What will be the number on the clock when I hit the singularity?

For a Schwarzschild black hole, a radial geodesic for a massive object satisfies

$$\left(\frac{dr}{d\tau}\right)^2=\frac{E^2}{m^2}-1+\frac{2M}{r}\tag1.$$

Here $$M$$ is the mass of the hole, $$m$$ is the mass of the falling object, $$r$$ is the object’s radial Schwarzschild coordinate, $$\tau$$ is the proper time measured by the object, and $$E$$ is a constant of the motion, identifiable as the object’s energy. Units here are such that $$G=c=1$$. The event horizon is at the Schwarzschild radius $$r=2M$$, and the singularity is at $$r=0$$.

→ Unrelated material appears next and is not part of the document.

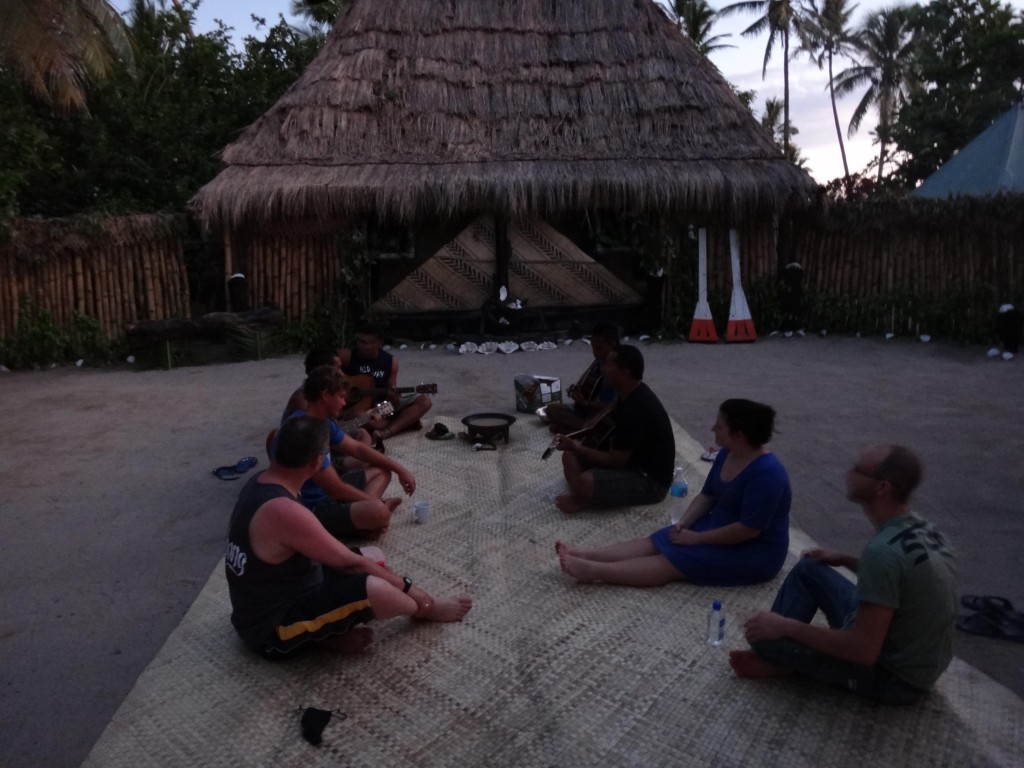 Fijianerna gillar kava, eller de dricker det mycket iaf, så som vi gillar alkohol. Just nu tömmer de resterna efter ceremonin medan jag krupit in i mitt lilla krypin. Ibland hörs det lite handklappning och ”bula”-rop. Det är ingen alkohol i men det ryktas att man kan både bli beroende och hamna i nåt ”dåsigt” tillstånd. Bäst effekt om man dricker det flera dagar i rad. Själv var jag glad att jag bara behövde ta två skålar ”low-tide”, dvs små portioner (high-tide är motsatsen) av den grumliga drycken.

If the clock falls from rest at the horizon, then one can set $$r=2M$$ and $$\frac{dr}{d\tau}=0$$ to evaluate the constant as $$E=0$$, so (1) simplifies to

$$\left(\frac{dr}{d\tau}\right)^2=-1+\frac{2M}{r}\tag2.$$

One can separate the $$\tau$$-dependence on one side and the $$r$$-dependence on the other. For an infalling clock, choose the negative square root:

$$d\tau=-\frac{dr}{\sqrt{\frac{2M}{r}-1}}\tag3.$$

To get the freefall time, integrate from $$r=2M$$ to $$r=0$$ to get

$$\Delta\tau=-\int_{2M}^{0}\frac{dr}{\sqrt{\frac{2M}{r}-1}}=2M\int_0^1\frac{du}{\sqrt{\frac{1}{u}-1}}\tag4.$$

The integral evalutes to $$\pi/2$$, so the result is

$$\Delta\tau=\pi M=\frac{\pi GM}{c^3}\tag5$$

where the final step restores factors of $$G$$ and $$c$$.

For a one-solar-mass hole, this is 15.5 microseconds. Supermassive black holes can have ten billion solar masses, which makes the freefall time a day or two... perhaps enough time to conduct some experiments on the interior of the hole (the results of which cannot be communicated to us) before you get spaghettified.

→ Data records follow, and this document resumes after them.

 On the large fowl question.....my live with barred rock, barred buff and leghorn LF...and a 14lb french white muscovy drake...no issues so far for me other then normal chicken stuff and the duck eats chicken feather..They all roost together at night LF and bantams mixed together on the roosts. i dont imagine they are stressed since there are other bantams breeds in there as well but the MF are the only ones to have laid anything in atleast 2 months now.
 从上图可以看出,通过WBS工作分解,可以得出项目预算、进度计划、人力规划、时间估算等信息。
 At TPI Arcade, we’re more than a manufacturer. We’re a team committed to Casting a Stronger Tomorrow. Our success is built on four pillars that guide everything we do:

• I didn't actually needed the math, but its beautiful Mar 24 at 21:36
• Where the does the Schwarzschild cöordinate $t$ show up? You refer to this coördinate after the geodesic . Mar 24 at 21:50
• I've edited that out. It isn't used. Mar 24 at 21:51

When you free fall towards the singularity, never special happens to you if you cross the EH. To you. For an observer far away from the BH it seems as if you do all thing in slow-motion. If he's able to see you at all because the wavelengths of photons you emit (which make him see) are red-shifted for the observer. This redshift approximates infinity when you approach the EH.
What will you see? Dependent on the size of the BH, it will take a finite time to reach the singularity. In a supermassive BH, the distance to the singularity will be larger than the distance in a small one.
The material out of which your rocket is made must be very tough though. And so must you. The tidal forces grow to a value that will tear you and your spaceship apart before being swallowed by the singularity.
So you can better ask what will happen to an elementary particle. It can't get torn apart by the tidal forces. Near the singularity, spacetime curvature goes to infinity. Space and time are curved. Timewillalmost come to stop, while space is stretched beyond imagination. But the particle will reach the singularity (how else could it have come into being?). Even if space is intensively stretched. This stretching is compensated for by true time dilation (so not only a relative one).